In January, I wrote about what I called the AI Productivity Paradox: the METR study showing experienced developers were 19% slower with AI, while believing they were 20% faster. At the time, I treated it as a cautionary signal, one data point in a broader discussion about measuring performance.

Two months later, the signal has become a pattern. Three independent sources, from three different angles, point to the same conclusion: AI is fracturing the talent pipeline that produces the people who build software.

Let me be clear about what I mean by “talent pipeline.” I’m not talking about recruiting funnels or employer branding. I mean the entire chain: how engineers learn, how we evaluate them, and how the gap between effective and ineffective AI users keeps growing. All three are breaking at the same time, and they reinforce each other.


First, the baseline: everyone’s using AI

Before I get into the fractures, the baseline. The Pragmatic Engineer’s 2026 survey of roughly 1,000 software engineers:

  • 95% use AI tools weekly
  • 75% use AI for more than half their work
  • 55% use autonomous agents regularly (63.5% among staff+ engineers)
  • Claude Code went from zero to the #1 AI coding tool in eight months, overtaking Copilot and Cursor

This isn’t early adoption anymore. This is the water we swim in. The fractures I’m about to describe aren’t fringe concerns; they affect the basic mechanics of how our industry develops engineers.


Fracture 1: the skill tax

In February, Anthropic published an RCT (randomized controlled trial, rare in software engineering research) with 52 professional developers learning Python Trio, a concurrency framework none of them knew. I haven’t seen enough people talking about this one.

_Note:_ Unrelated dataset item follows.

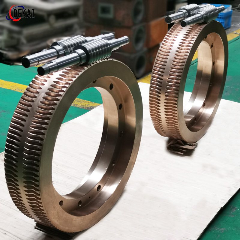 分度精度高,側(cè)隙可調(diào)整至0.01~0.03Mmm;齒面接觸穩(wěn),不會(huì)改變中心距。調(diào)整標(biāo)準(zhǔn),方便可靠。裝配靈活,裝配時(shí),用調(diào)整環(huán)來(lái)獲得合適的嚙合側(cè)隙。使用中如果因?yàn)槟p導(dǎo)致傳動(dòng)間隙增大,只要調(diào)整一下蝸桿的軸向位置,可以使蝸桿蝸輪傳動(dòng)副恢復(fù)到原來(lái)的精度,不需要更換新的蝸桿,蝸輪,比較實(shí)用。蝸桿材質(zhì)采用40Cr,42CrMo、38CrMoAl合金鋼。蝸桿采用錫青銅ZCuSn10Pb1離心澆鑄,具有高強(qiáng)度耐磨性。

Half the group got a GPT-4o coding assistant. Half got documentation only.

The results:

FindingData
Skill gapAI users scored 17% lower on conceptual understanding (Cohen’s d=0.738, p=0.01)
No speed gainNo significant difference in task completion time (p=0.391)
Debugging gapDocs-only group hit 3 median errors vs 1 for the AI group

Read that last row again. The group without AI hit more errors, and that’s the point. They struggled, they debugged, and they came out the other side understanding the framework better. The AI group got working code faster, but when tested on whether they actually understood what they’d built, they scored significantly worse.

The study calls this the “skill tax”: a 17% learning penalty that applies regardless of experience level. AI doesn’t make you dumb. It removes the productive friction: the debugging, the wrong turns, the “why doesn’t this work?” moments that turn exposure into understanding.

The pattern analysis tells you where the split happens. Developers who scored well (65-86%) even with AI used it for explanations alongside code: “explain this concurrency model,” “why does Trio handle cancellation this way?” Developers who scored poorly (24-39%) delegated heavily, pasting outputs without engaging with the reasoning. Some spent 11 minutes out of a 30-minute task window just interacting with the assistant.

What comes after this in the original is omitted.